Custom Override — user-entered rates (for enterprise/negotiated pricing)
Live Azure API — real-time from Azure Retail Prices API via a Vercel serverless proxy (api/azure-pricing.js)
Official Hardcoded — curated rates from Microsoft documentation
Fallback — conservative estimates when all else fails

Live pricing is cached for 3 hours and includes:

PTU hourly on-demand rates per deployment type
PTU reservation prices (1-Month and 1-Year terms)
PAYGO per-token rates (input/output) per model and deployment

Azure PTU Reservation Tiers

Azure offers two PTU reservation options (there is no 3-year PTU reservation):

Reservation	Discount vs On-Demand	Commitment
Monthly (1-Month)	~64% off	No long-term commitment
1-Year	~70% off	1-year commitment

KQL Query for Usage Data

Use this query in Azure Monitor Log Analytics to get your TPM data:

let window = 1m;
let p = 0.99;
AzureMetrics
| where ResourceProvider == "MICROSOFT.COGNITIVESERVICES"
| where MetricName in ("ProcessedPromptTokens", "ProcessedCompletionTokens")
| where TimeGenerated >= ago(7d)
| summarize Tokens = sum(Total) by bin(TimeGenerated, window)
| summarize
    AvgTPM = avg(Tokens),
    P99TPM = percentile(Tokens, p),
    MaxTPM = max(Tokens)
| extend
    AvgPTU = ceiling(AvgTPM / 50000.0),
    P99PTU = ceiling(P99TPM / 50000.0),
    MaxPTU = ceiling(MaxTPM / 50000.0)
| extend RecommendedPTU = max_of(AvgPTU, P99PTU)
| project AvgTPM, P99TPM, MaxTPM, AvgPTU, P99PTU, MaxPTU, RecommendedPTU

Note: The 50000.0 divisor is a generic placeholder. Refer to the official TPM-per-PTU table for the exact value for your model (e.g., GPT-4.1 = 3,000 TPM/PTU, GPT-4o = 2,500 TPM/PTU).

Quick Start

Prerequisites

Node.js 18+
npm

Local Development

git clone https://github.com/ricmmartins/azureptucalc.git
cd azureptucalc
npm install
npm run dev
# Visit http://localhost:5173

Deploy to Vercel (Recommended)

Fork or clone this repo
Go to vercel.com, import your repo, and click Deploy
Or use Vercel CLI:
```
npm install -g vercel
vercel --prod
```

The included vercel.json is pre-configured.
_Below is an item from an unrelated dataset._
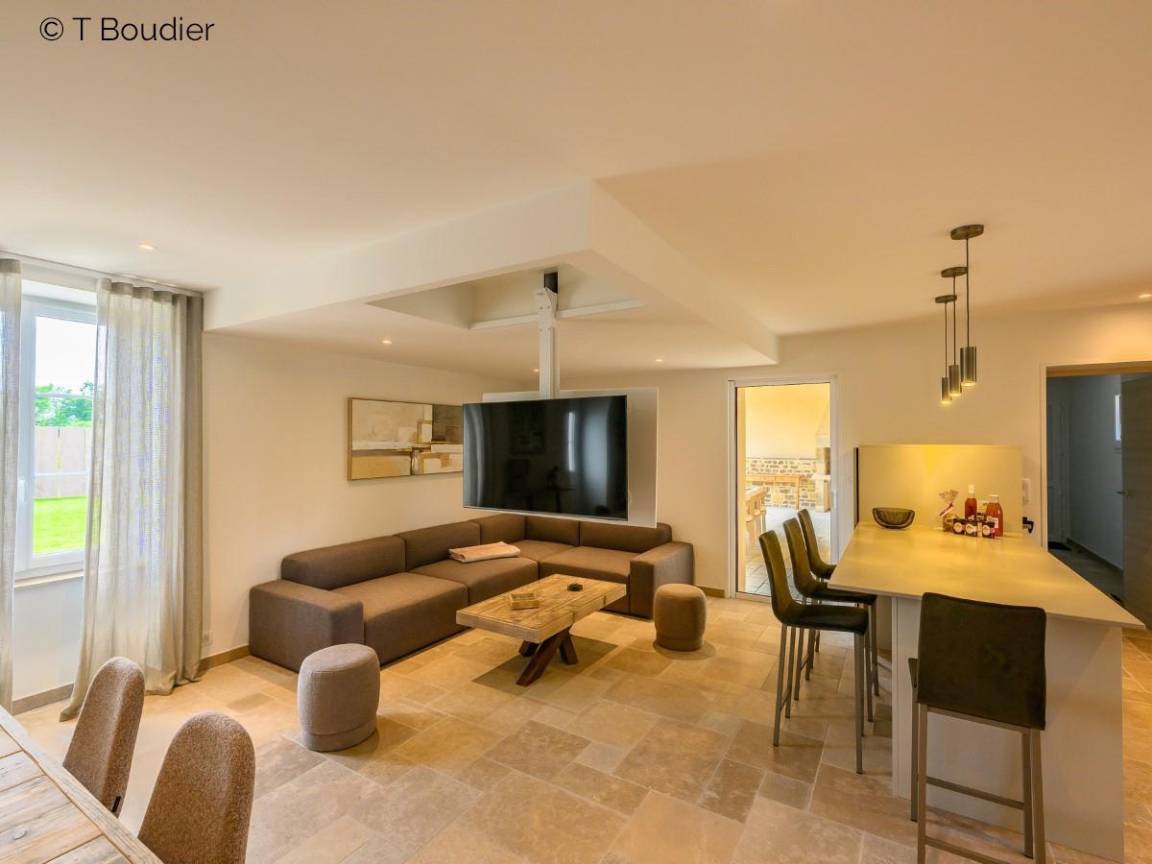 Zwischen wilden Stränden und sanfter Hügellandschaft gelegen, bietet dieses charaktervolle Haus für 8 Personen bemerkenswerten Komfort für Ihren Aufenthalt. Hinter den mohnroten Fensterläden verbirgt sich ein modernes und raffiniertes Interieur. Die Qualität der Materialien ist bemerkenswert und die Freizeiteinrichtungen vor Ort sind zahlreich. Sie können einen herrlichen privaten Innenpool genießen und im Nebengebäude haben die Eigentümer einen Wellnessbereich mit Fitnessraum sowie ein Spielzimmer eingerichtet! Der gut eingezäunte Außenbereich ist zudem mit einem Carport mit Elektroladestation ausgestattet. Agnès kümmert sich gerne um Sie und bietet Ihnen verschiedene optionale Dienstleistungen wie einen Privatkoch oder eine qualifizierte Kosmetikerin an.

The api/azure-pricing.js serverless function handles Azure Retail Prices API proxying to avoid CORS issues.

Project Structure

azureptucalc/
├── api/
│   └── azure-pricing.js          # Vercel serverless: Azure Retail Prices API proxy
├── src/
│   ├── components/
│   │   ├── ui/                   # Shadcn/UI components
│   │   ├── EnhancedResults.jsx   # Executive summary & cost breakdown
│   │   ├── GuidedTour.jsx        # Interactive quick tour
│   │   ├── MaxTokensOptimizer.jsx    # max_tokens concurrency optimizer
│   │   ├── LeakyBucketVisualization.jsx  # Interactive leaky bucket simulation
│   │   ├── ThrottlingAdvisor.jsx     # 429 Risk Score gauge
│   │   ├── SpilloverComparison.jsx   # Spillover architecture comparison
│   │   ├── RetryCalculator.jsx       # Retry & backoff calculator
│   │   └── RightSizeWizard.jsx       # 4-step PTU right-sizing wizard
│   ├── enhanced_pricing_service.js   # Pricing API client with cache & fallback
│   ├── officialPTUPricing.js         # Official PTU rates & reservation overrides
│   ├── official_token_pricing.js     # PAYGO & Priority Processing rates
│   ├── enhanced_model_config.json    # 19 PTU model definitions
│   ├── ptu_supported_models.json     # Model support matrix
│   ├── external_pricing_config.json  # Fallback pricing config
│   ├── ExternalPricingService.js     # Config-based pricing service
│   ├── App.jsx                       # Main application
│   └── main.jsx                      # Entry point
├── deployment/                   # Docker, Bicep, Azure Static Web Apps configs
├── docs/                         # User guide
├── vercel.json                   # Vercel deployment config
└── package.json

Configuration

Environment Variables (Optional)

Set in Vercel dashboard:

VITE_AZURE_PRICING_API=https://prices.azure.com/api/retail/prices
VITE_CACHE_DURATION=10800000

Alternative Deployment Options

Azure Static Web Apps

az staticwebapp create \
  --name azureptucalc \
  --resource-group rg-azureptucalc \
  --source https://github.com/ricmmartins/azureptucalc \
  --location "East US 2" \
  --branch main \
  --app-location "/" \
  --output-location "dist"

Docker / Azure Container Apps

FROM node:18-alpine AS builder
WORKDIR /app
COPY package*.json ./
RUN npm install
COPY . .
RUN npm run build

FROM nginx:alpine
COPY --from=builder /app/dist /usr/share/nginx/html
EXPOSE 80
CMD ["nginx", "-g", "daemon off;"]

Contributing

We welcome contributions! See CONTRIBUTING.md for details.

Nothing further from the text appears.